31.3.06

ABSORPTU

Penso em ti, às vezes.
Revejo-te em qualquer lado no vazio do nada quando absorto em coisa nenhuma.
Pensa em mim, às vezes.
Revê-me nas entranhas de um passado presente que outrora nos absorveu e consumiu.


Esperarei por ti, até que todos os sinos por mim dobrem.

24.3.06

PRIMEIRAMENTE

Acordo sem o contorno do teu rosto na minha almofada, sem o teu peito liso e claro como um dia de vento, e começo a erguer a madrugada apenas com as duas mãos que me deixaste, hesitante nos gestos, porque os meus olhos partiram nos teus.
E é assim que a noite chega, e dentro dela te procuro, encostado ao teu nome, pelas ruas álgidas onde tu não passas, a solidão aberta nos dedos como um cravo.
Meu amor, amor de uma breve madrugada de bandeiras, arranco a tua boca da minha e desfolho-a lentamente, até que outra boca – e sempre a tua boca – comece de novo a nascer na minha boca.
Que posso eu fazer senão escutar o coração inseguro dos pássaros, encostar a face ao rosto lunar dos bêbados e perguntar o que aconteceu.

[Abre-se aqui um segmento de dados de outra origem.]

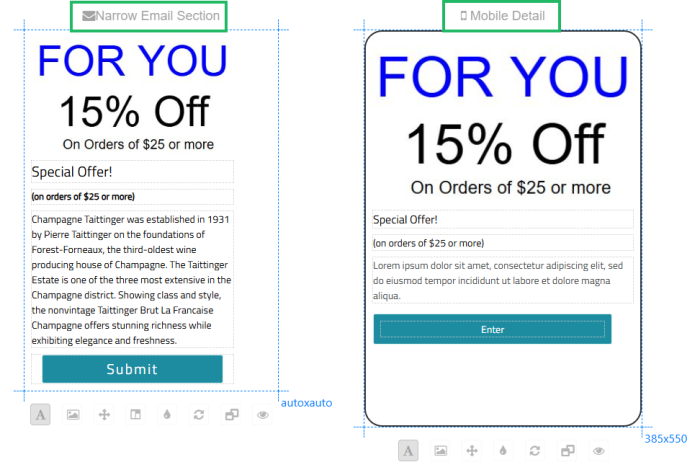 The following example shows two Layouts: Narrow Email Section and Mobile Detail. The Layouts have slightly different sizes and configurations, depending on the context of where the content is displayed to the Member.
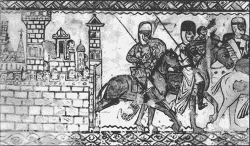 Рис. 16. Крестоносцы выезжают из ворот замка, чтобы вступить в битву с сарацинами. Фреска в часовне тамплиеров (1170–1180). Крессаке, деп. Шаранта[41]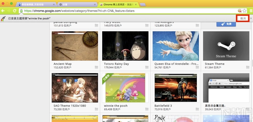 6.点击之后就会成功将浏览器主题背景设置为选择的这一个背景了,在背景选项中也会显示已安装,如果想要取消使用点击右上角的撤销按钮即可。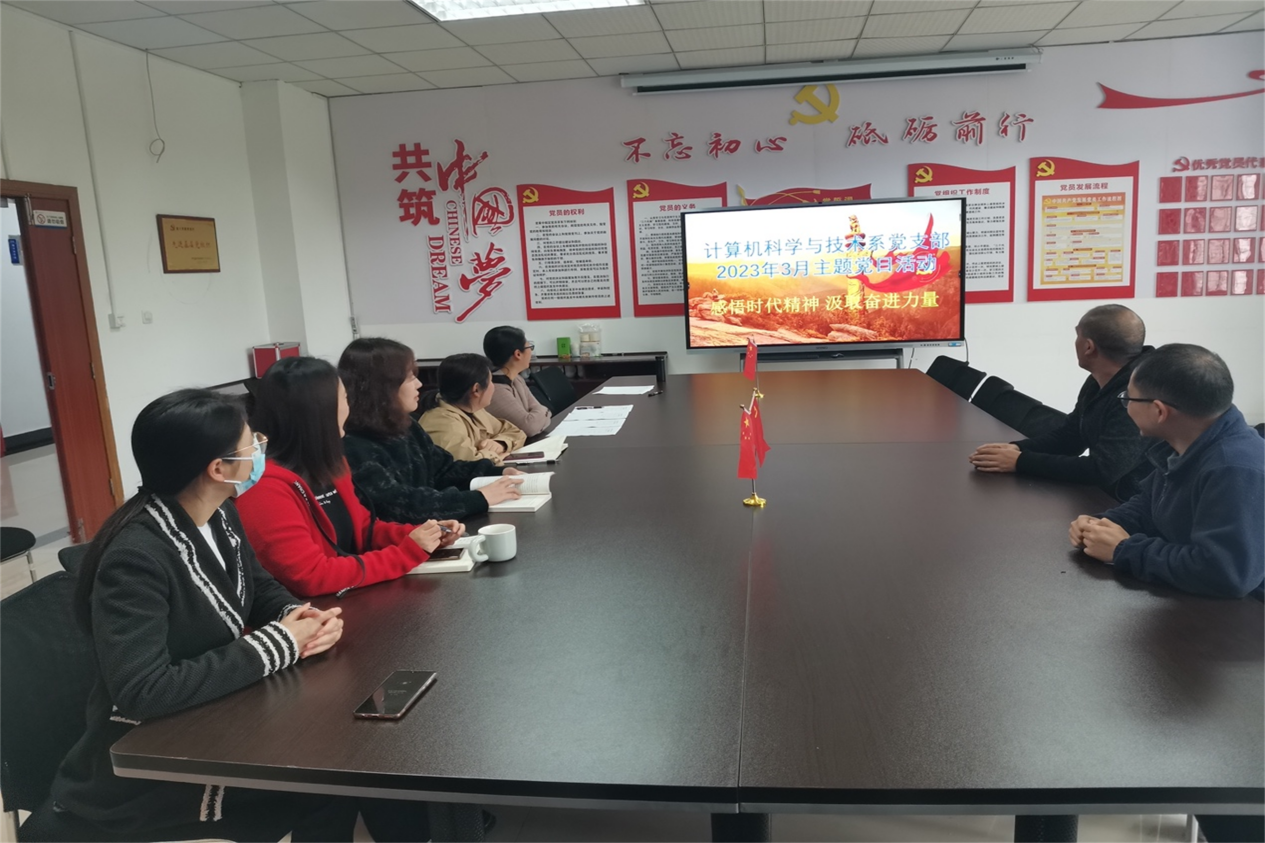 为深入学习贯彻习近平新时代中国特色社会主义思想和党的二十大精神,教育引导教职工党员把思想认识转化为实际行动,3月17日下午14时30分,公司计算机科学与技术系教师党支部于崇信楼209党员活动室开展2023年3月“感悟时代精神 汲取奋进力量”主题党日活动。支部书记邢昌元担任此次活动主持人,全体支部成员参与此次活动。
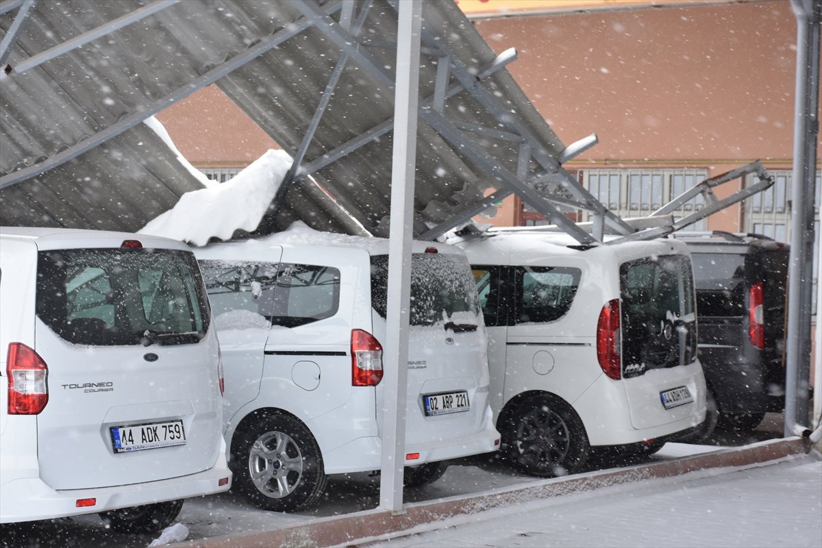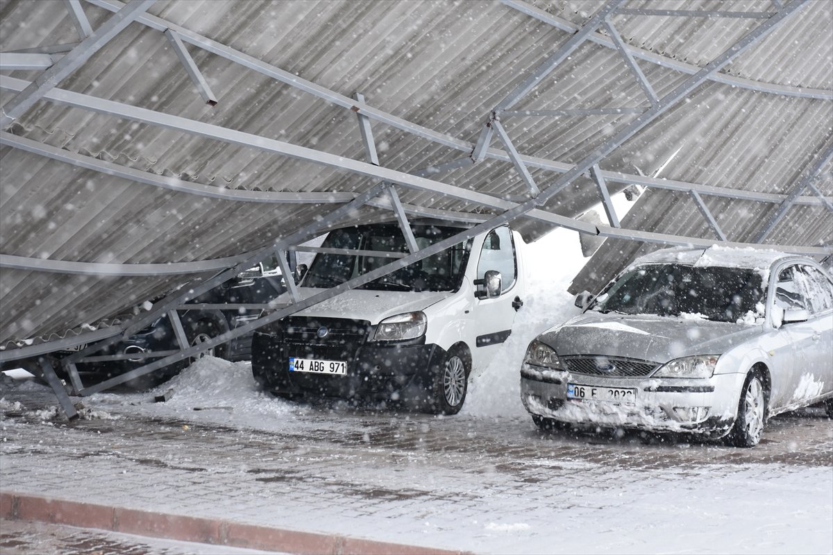 Malatya'nın Yeşiltepe bölgesindeki Galericiler Sitesi'nde iş yerlerinin önündeki demir çatı, karın ağırlığına dayanamayarak çöktü.

(Eugénio de Andrade, in “As Palavras Interditas”)

17.3.06

KLEITORIS

No meio do teu corpo saboreio pausadamente a protuberância carnuda e eréctil. Gemidos tímidos, provocatórios, guturais, soam a sinfonias divinas…
O tempo parou! Absorvo, em êxtase, o néctar que jorra impetuosamente.

Mitiguei a minha (nossa) sede.

10.3.06

FINE

O conceito de rumo é utópico. Na presunçosa suposição hipotética de idealizar um fundamento incerto, consome-se a morte existindo. O marasmo abjecto desta moléstia contagiante gasta-se na ilusão de uma alegria triste, corroída pelo passar implacável da ilusória exuberância de um tempo que foi.

Na tumba, agora sem retorno, jazz um corpo decomposto em vida.

2.3.06

MARE

O mar, antes superfície espelhada de contradições, deixou de reflectir o céu, a lua, o sol… a tua face. Desfeito em mil quartzos hialinos e incolores, num festim orgíaco sem sentido, descubro, apenas e só, “coisas” disformes que outrora reflectiam um todo.
O céu, a lua, o sol… teimam, maquinalmente, a aparecer, julgando preencher uma face que já não existe, existindo.

Da lembrança de um semblante, reinvento um mar espelhado de (in) certezas.